We must realize NOW the urgency of the command. When the test comes, it is too late to prepare.
The chapter closes with Peter's violent threefold denial of Christ. What humiliation and remorse after such boastful confidence! He truly had been ready to fight for Christ, but the command to "Put up the sword" and the warning that
"All they that take the sword shall perish with the sword" (v. 52)
-- found him wholly unprepared.
If he had watched and prayed in the Garden with Christ, instead of sleeping, perhaps he would have been ready -- but he had to learn a different, harder way.
Peter had to learn to listen and accept. His devotion was impulsive and thoughtless and self-confident. When Christ spoke of the necessity of his sacrifice, trying to prepare the disciples' minds, Peter instead of listening and learning said --
"No -- I know better -- it must be the way I think."
He thought it was devotion, but it was really self-assertion and presumption. Then when Christ was about to wash his feet, and teach him something, again he said
"No -- I know better -- thou shalt never wash my feet!"
And when Christ said --
"If I wash thee not, thou hast no part with me"

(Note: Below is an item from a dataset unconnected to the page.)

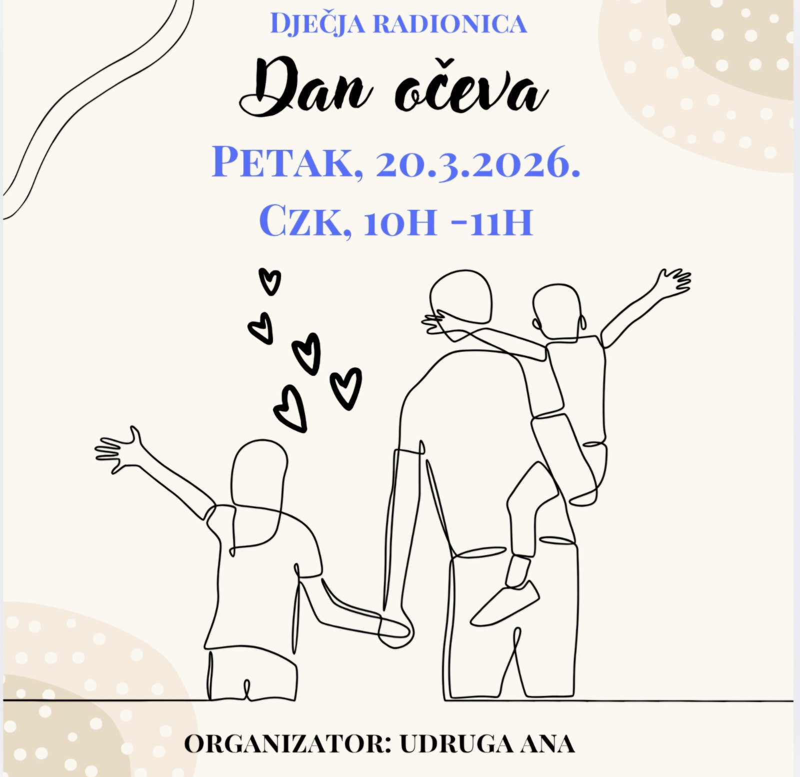 Riječ je o susretu u kojem će djeca imati priliku izraditi mali znak pažnje za svoje očeve, kao simbol ljubavi, zahvalnosti i bliskosti. Kroz kreativni rad, razgovor i zajedničko druženje djeca će na njima primjeren način promišljati o tome što za njih znači otac, kako im pruža sigurnost, podršku i ljubav, te zašto je važno pokazivati zahvalnost i nježnost unutar obitelji.

-- it STILL had to be Peter's way, not Christ's --
"No -- I know better -- not my feet only, but my hands and my head."
He thought it was devotion, and truly it was, but it was a devotion that had to learn how to learn. Peter wanted to be spectacular in his devotion. He wanted to walk on the water, like Christ. He would have been wiser to wait In the boat with the rest.
We must learn the lesson well, if we wish to be useful in God's purpose, and accepted by Him. We must learn to carefully LISTEN, and to carefully OBEY.
Careful, thoughtful, self-examining, patient obedience is the only true devotion. There are millions filled with self-satisfied devotion, going about to establish their own righteousness by great deeds for Christ -- self-confidently following their own will, and self-assuredly dictating to God the way of life, as Peter did to Christ.
But very few are prepared to submit to God's way -- to stop, and think, and study, and meditate, and learn God's desire in every little, careful detail. These are the few alone whom God will save --
"Watch and pray, that ye enter not into temptation: the spirit indeed is willing, but the flesh is weak."